-
Heres a tricky one
Heres the deal:
A friend gave me a Pentium 4 1.8GHZ 478 pin chip today. The reason he gave it to me is cause he accidentally made it a 477 pin processor. Apparently he sit it in a lil off and a pin fell out. Theres no break marks, just the hole. Well its the ONLY thing wrong, no other bends or anything.
So i was wondering where i can get a breakdown showing the pin #'s and a general idea of the use. I know some zones of the chip are only for connection, no actual use, so i think if i can make contact i may be able to salvage it.
Any ideas?
-
You could try to solder the pin back onto the processor. Although they're so small you'd probably end up melting three or four.
If you have a motherboard you no longer want to use, you could try using it on that one, just in case you fry it or something.
However, if it usually has 478 pins it's probably for a good reason.:rolleyes:
EDIT:
Have you tried at www.intel.com to see if they have graphs for that?

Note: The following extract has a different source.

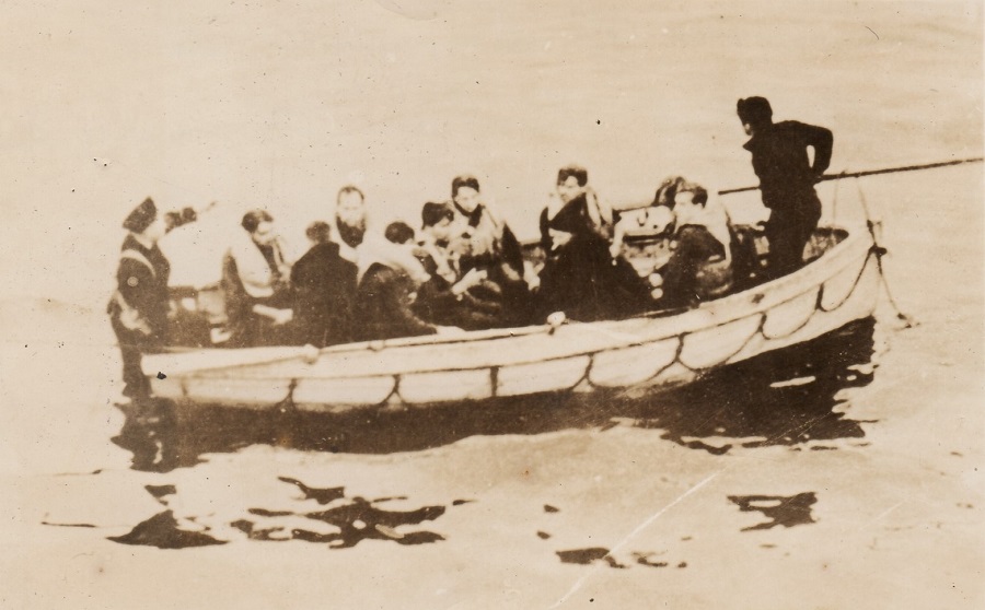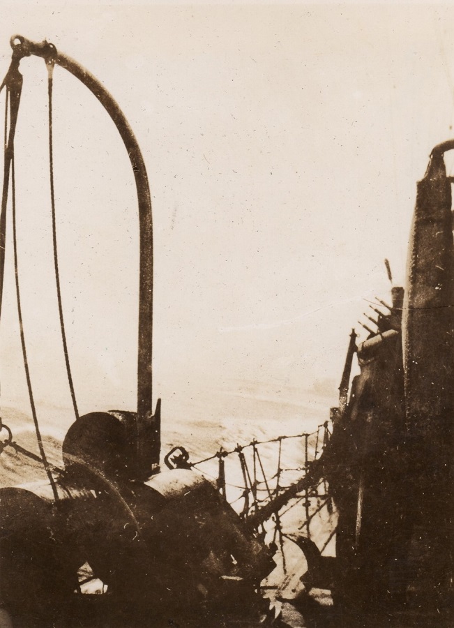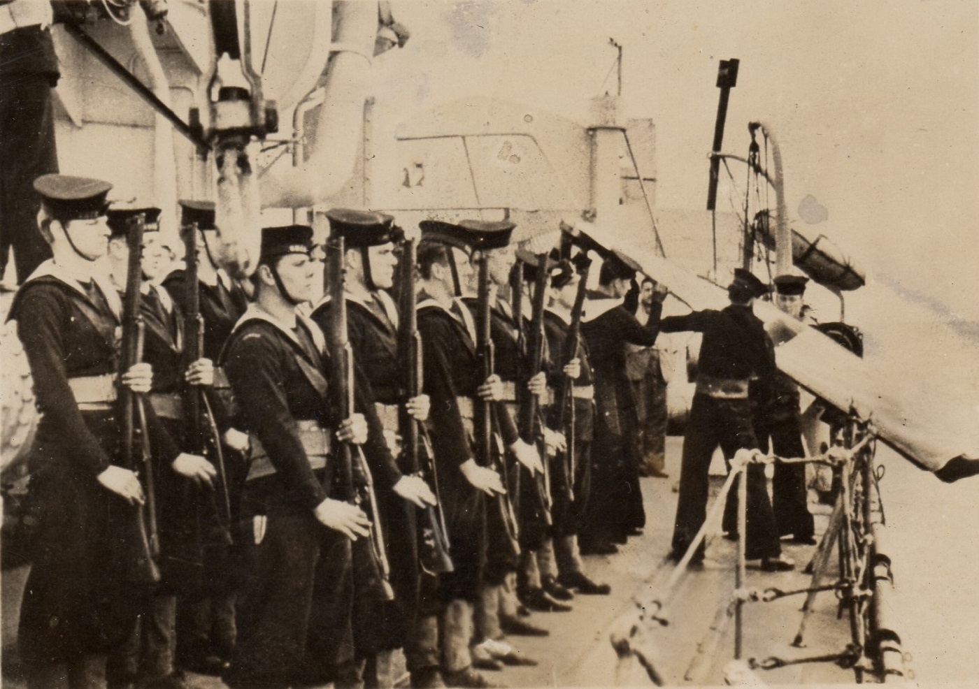 (43-45) U-210 on the surface attempting to escape HMCS Assiniboine (46) Damage control team fighting a fire on the boat deck of HMCS Assiniboine cause by gunfire from U-210 (47) U-210 just before being rammed by HMCS Assiniboine (48) The battle won, boat crew of HMCS Assiniboine pick up survivors from U-210 (49) Lt Stubbs, CO, on the bridge of HMCS Assiniboine - battle damage can be seen on the face of Assiniboine's bridge (50) The cost of victory - Ordinary Seaman Kenneth Watson, youngest rating on board, killed in action in the battle against U-210 on 06 Aug 1942, is buried at sea. He was hit twice while carrying ammunition to "A" gun. These photos are also found on the page for HMCS Assiniboine.

On the Athlons, the pin marked with an arrow on the other side is the hardware interupt (i think), not sure about the P4s.
-
I dont have the other pin, sadly, he lost it when it came out. I'll check intel. I was told to buy some gold plated audio cables and sgave some of the gold off into the whole and fill it with sotter. What type of sotter should i use?
-
Silver solder, but you're going to need some pretty expensive soldering equipment. You'll obviously need the iron - get one where you can control the temperature and have a fine tip. You'll also need a heatsink thing, and probably a solder vacuum.
-
Theres a problem with all this i failed to realize. I was going to use my P4 board to test it but i forgot i sold it....I'll download the datasheet but i think im going to list it for sale on ebay "as-is"..
-
I got the Datasheet. It names every pin and its duty, but gives the pin name/number and no image to associate the pin name or number to an actual pin. So any one of those could be this pin, i have no way to tell.